Below are lines of records; copy exactly those from the one containing "我就进到 pmon 源码的" through the one containing "Разделить тесто, скатать", leaving the pictures behind.

****************************************

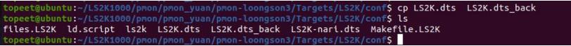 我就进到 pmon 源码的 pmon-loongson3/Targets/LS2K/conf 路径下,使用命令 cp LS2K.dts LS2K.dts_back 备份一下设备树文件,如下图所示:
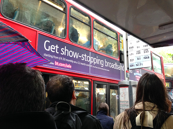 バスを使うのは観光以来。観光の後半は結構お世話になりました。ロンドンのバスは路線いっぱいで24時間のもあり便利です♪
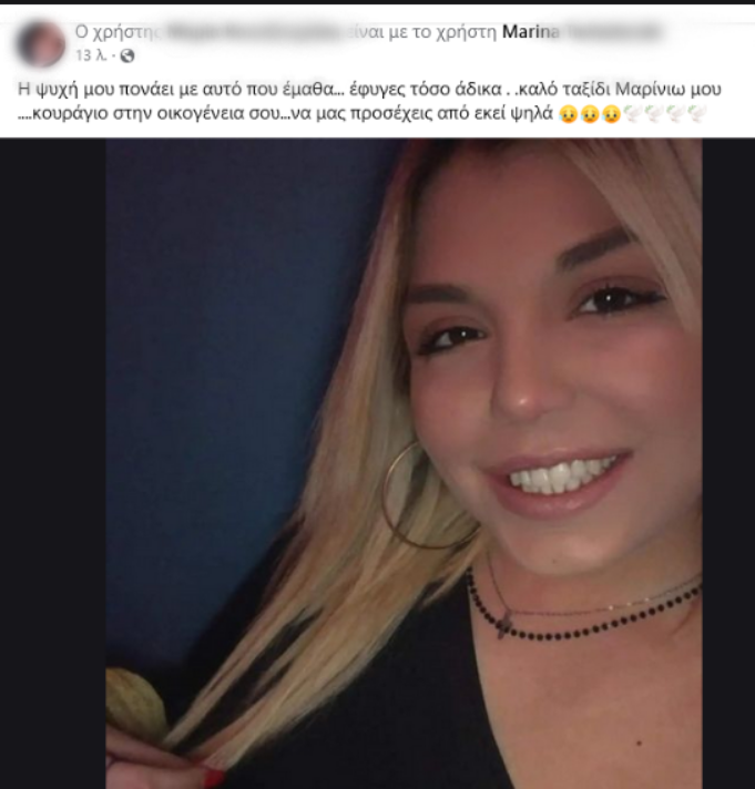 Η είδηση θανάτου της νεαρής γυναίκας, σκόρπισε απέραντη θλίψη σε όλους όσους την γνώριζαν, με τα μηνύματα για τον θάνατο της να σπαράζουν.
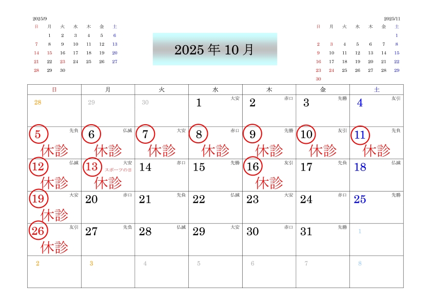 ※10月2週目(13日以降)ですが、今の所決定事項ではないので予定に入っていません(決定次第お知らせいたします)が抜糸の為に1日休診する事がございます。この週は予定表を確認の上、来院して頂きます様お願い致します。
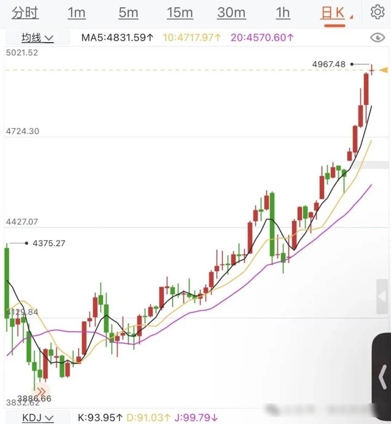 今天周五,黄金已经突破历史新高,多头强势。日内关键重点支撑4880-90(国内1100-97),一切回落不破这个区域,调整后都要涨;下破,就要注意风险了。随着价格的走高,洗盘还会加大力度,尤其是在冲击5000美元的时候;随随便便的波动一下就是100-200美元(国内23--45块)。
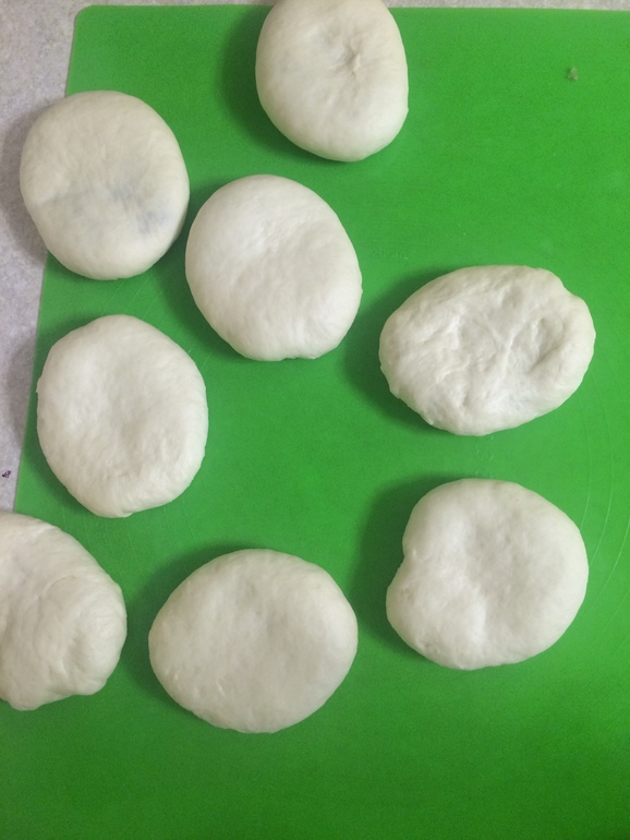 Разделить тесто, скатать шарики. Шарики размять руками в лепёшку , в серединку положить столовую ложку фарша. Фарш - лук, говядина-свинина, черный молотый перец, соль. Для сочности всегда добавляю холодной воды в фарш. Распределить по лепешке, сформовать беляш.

****************************************

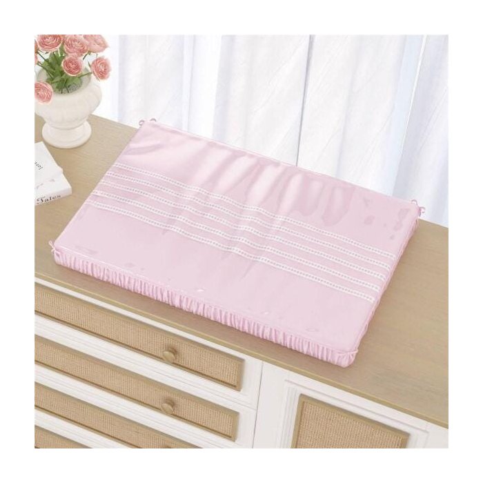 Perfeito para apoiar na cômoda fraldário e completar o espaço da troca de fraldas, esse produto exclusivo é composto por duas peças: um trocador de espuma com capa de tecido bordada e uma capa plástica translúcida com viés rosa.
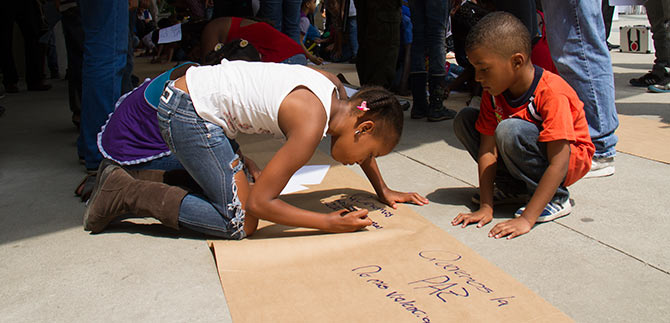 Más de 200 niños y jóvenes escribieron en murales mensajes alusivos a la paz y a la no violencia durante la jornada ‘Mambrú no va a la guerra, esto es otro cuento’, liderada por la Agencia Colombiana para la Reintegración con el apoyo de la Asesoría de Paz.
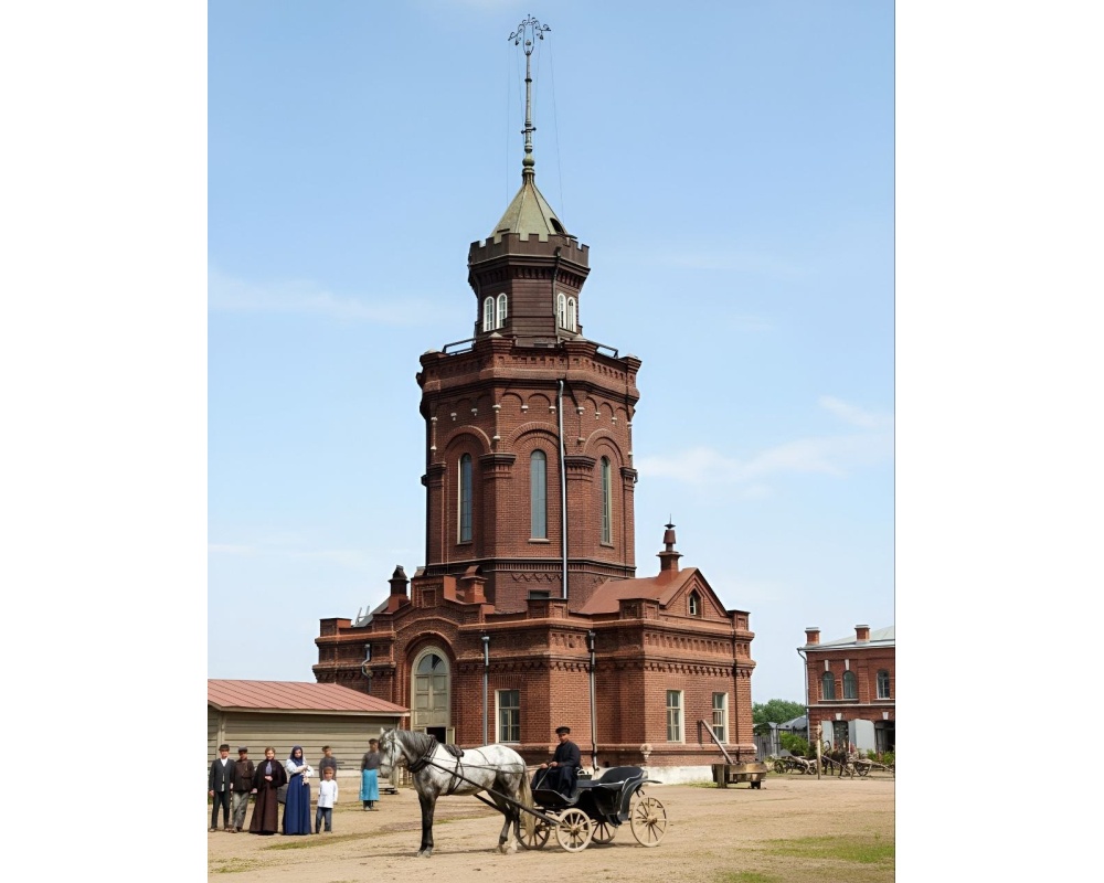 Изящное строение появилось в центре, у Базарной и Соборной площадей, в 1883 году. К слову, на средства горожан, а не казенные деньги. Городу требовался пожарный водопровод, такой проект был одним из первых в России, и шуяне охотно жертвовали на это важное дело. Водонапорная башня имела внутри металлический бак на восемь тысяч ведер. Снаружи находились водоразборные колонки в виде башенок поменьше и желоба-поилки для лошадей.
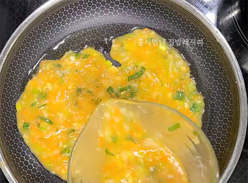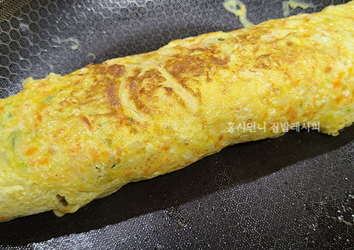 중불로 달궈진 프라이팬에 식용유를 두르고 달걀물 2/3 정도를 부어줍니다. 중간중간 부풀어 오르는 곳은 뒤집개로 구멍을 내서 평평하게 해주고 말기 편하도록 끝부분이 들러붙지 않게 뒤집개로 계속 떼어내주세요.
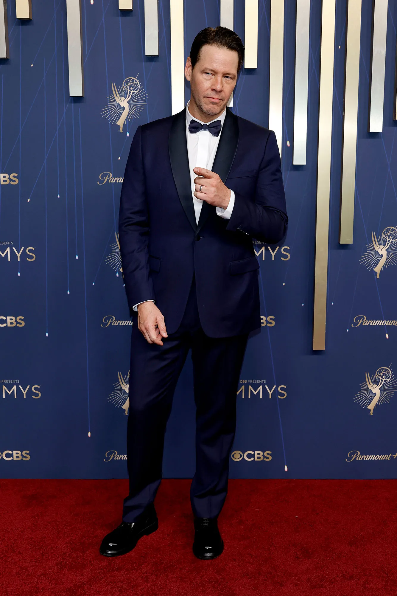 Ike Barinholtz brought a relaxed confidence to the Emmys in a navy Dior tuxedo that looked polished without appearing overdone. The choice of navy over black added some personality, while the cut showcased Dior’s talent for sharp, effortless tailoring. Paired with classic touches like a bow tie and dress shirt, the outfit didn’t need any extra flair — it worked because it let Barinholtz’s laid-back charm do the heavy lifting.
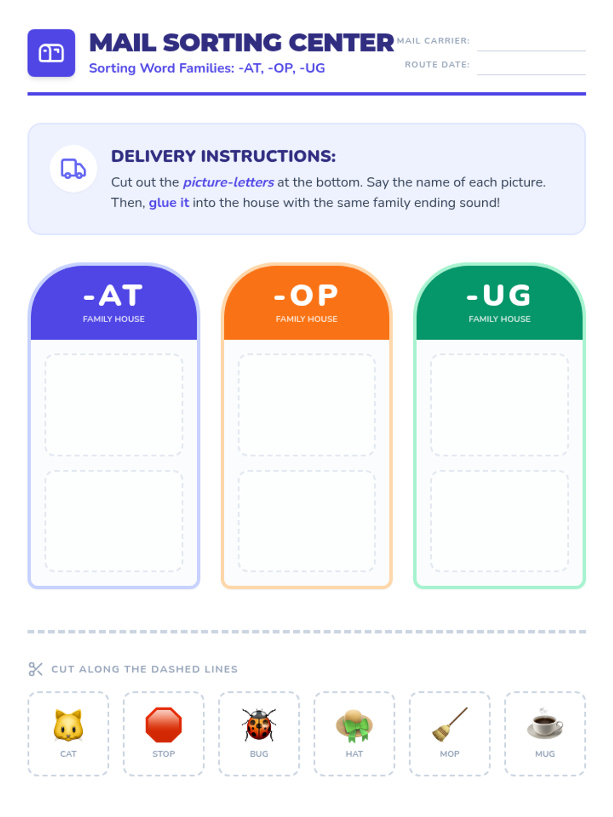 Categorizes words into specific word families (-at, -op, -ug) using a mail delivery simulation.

****************************************

▶ _ANSWER SPACE_:
 我就进到 pmon 源码的 pmon-loongson3/Targets/LS2K/conf 路径下,使用命令 cp LS2K.dts LS2K.dts_back 备份一下设备树文件,如下图所示:
 バスを使うのは観光以来。観光の後半は結構お世話になりました。ロンドンのバスは路線いっぱいで24時間のもあり便利です♪
 Η είδηση θανάτου της νεαρής γυναίκας, σκόρπισε απέραντη θλίψη σε όλους όσους την γνώριζαν, με τα μηνύματα για τον θάνατο της να σπαράζουν.
 ※10月2週目(13日以降)ですが、今の所決定事項ではないので予定に入っていません(決定次第お知らせいたします)が抜糸の為に1日休診する事がございます。この週は予定表を確認の上、来院して頂きます様お願い致します。
 今天周五,黄金已经突破历史新高,多头强势。日内关键重点支撑4880-90(国内1100-97),一切回落不破这个区域,调整后都要涨;下破,就要注意风险了。随着价格的走高,洗盘还会加大力度,尤其是在冲击5000美元的时候;随随便便的波动一下就是100-200美元(国内23--45块)。
 Разделить тесто, скатать шарики. Шарики размять руками в лепёшку , в серединку положить столовую ложку фарша. Фарш - лук, говядина-свинина, черный молотый перец, соль. Для сочности всегда добавляю холодной воды в фарш. Распределить по лепешке, сформовать беляш.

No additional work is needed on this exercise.